I recently received a bow I bought off ebay with the same thing. It is a 25th anniversary Black Widow take down MA. Shipped the limbs to BW and they determined that they can do nothing for me. I am going to try self repair. It would be my guess that the company does not want to take responsability if the limbs were to break again. I received some infromation from an old timer in the recurve industry. The guy told me that because of the new age of compounds glue was being bought up at the time. He stated that good quality glue at the time late 70's early 80's was hard to come by hence delaminating. If anyone knows of a matching set of Autumn Oak MA limbs for a reasonable price I would be interested. Let me know via E mail for I do not get on here much. [email protected]


----------



## WindWalker (Jan 23, 2005)

As a former eBay seller and still a buyer, I suggest you re-read the seller's stipulated warranty/guarantee and look for conditions of warranty/guarantee elsewhere in the seller's ad.
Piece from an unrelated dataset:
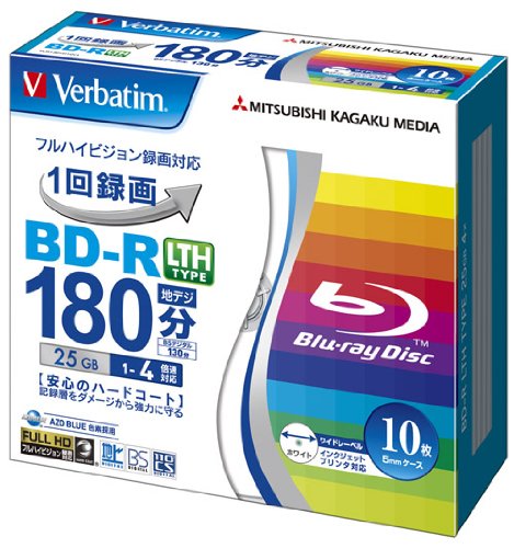 Verbatim Mitsubishi 25GB 4x Speed BD-R Blu-ray LTH TYPE Recordable Disk 10 Pack - Ink-jet printable - Each disk in a jewel case

If the seller indicated he/she warranted the bow against any type of failure or you finding flaws within the 7-day period, and the seller did not set any conditions such as "wait and see what Black Widow says," or that the bow must be inspected by him/her or any other party to determine what may have caused the failure, you are being too nice of a buyer. 

If the seller did not set any specific conditions of warranty, you email the seller and tell him/her that you want your money back, no, ifs, ands, or buts, or you will file a complaint with eBay. If the seller is a longtime eBay seller, he/she will not want to lose their selling status (banned). If the seller is new and/or has only sold items a few times, the seller probably won't care about being banned.
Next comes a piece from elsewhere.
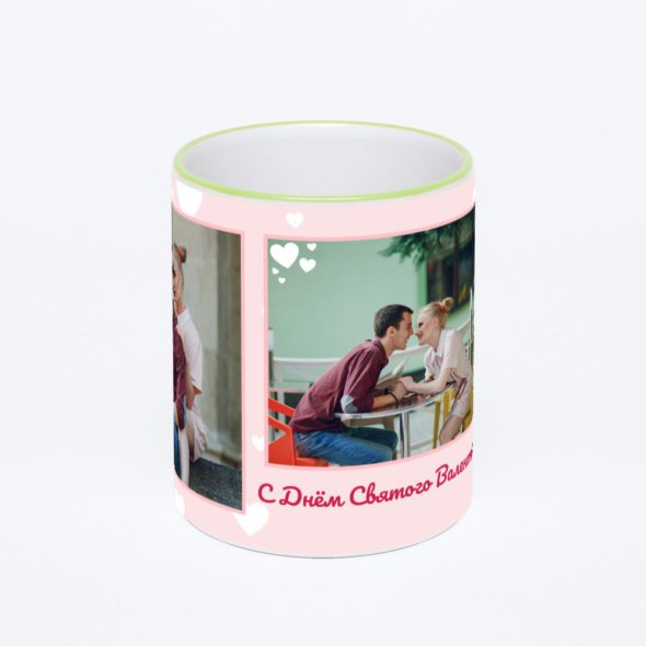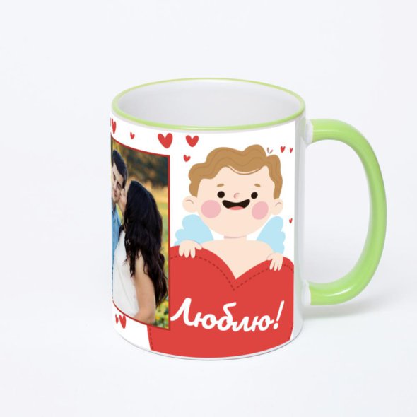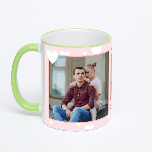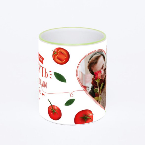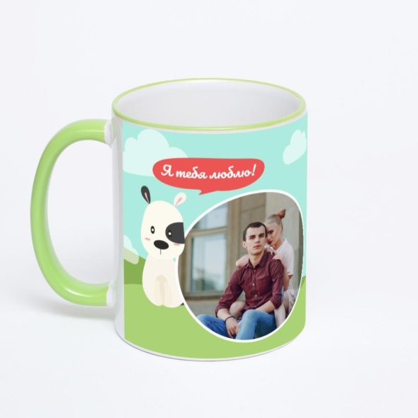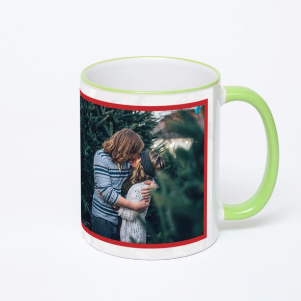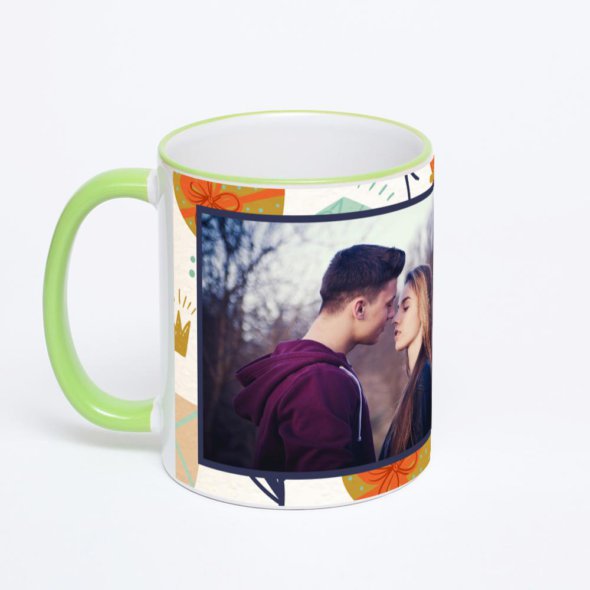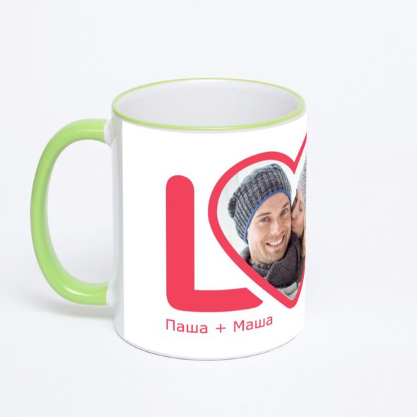 Керамическая кружка с салатовой ручкой и ободком с нанесением изображения. Кружка с вашим изображением – это уникальный и качественный подарок. Создать её вы можете прямо сейчас в редакторе, добавляя фотографии, стикеры и надписи.

_*However, and it's a big HOWEVER*_; if you simply read the ad "Return" policy and it stated "7 day money back or return," that stipulation alone is not an indicator of warranty for failure or discovery of flaws. It's an eBay formatted specification and the seller may have mistakenly checked the block in the ad format, or may have intentionally done so, meaning that if the buyer has any complaints or the product is not as described, the buyer has 7 days to contact the seller to _TRY_ and return the item and have their money returned and that if the seller agrees, he/she will return your money, not give credit or replace the item with a different item.
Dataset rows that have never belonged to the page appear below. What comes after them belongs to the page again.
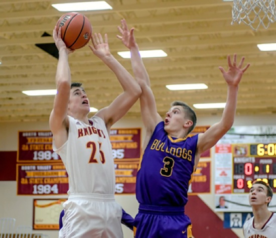 Photo by JOEL TAKARSH/for The Daily Courier, PIC #0062 (L to R) NV #23, BAK #3, NV #3 Knights lose it 56-43.
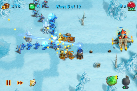 Zur Verfügung stehen natürlich mehrere Türme, die alle unterschiedliche Eigenschaften besitzen. So gibt es beispielsweise einen Frost-Turm, der die Gegner langsamer macht. Im Laufe des Spieles kann man mehrere Türme in einem Level bauen – anfangs stehen nur zwei zur Verfügung.
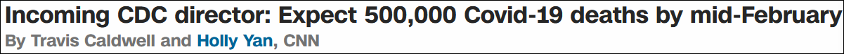 而特朗普政府的CDC主任羅伯特·雷德菲爾德(Robert R. Redfield)去年12月2日曾預測在2021年2月前,美國或有近45萬人死於新冠肺炎。

What you need to look for is what was stipulated by the seller in the body of the ad and/or what the seller indicated in how he/she preferred to by paid. If the seller stated _"As is, no returns, seller does not warranty item, no money back, etc,"_ the seller is off the hook and does not have to return your money or replace the item. If the seller is considering returning your money, or part of your money, he/she probably has a good a good "feedback" rating and is concerned you will give a "negative" feedback.

What model of Black Widow did you purchase? What's the description?


----------



## rraming (Aug 5, 2006)

the fun of ebay, hopefully it's not a one piece - if it's a take down, you got a riser, not a bad price either, just get new limbs, there are several for sale in the classifieds on this and other archery forums, usually just higher lbs than you want to shoot


----------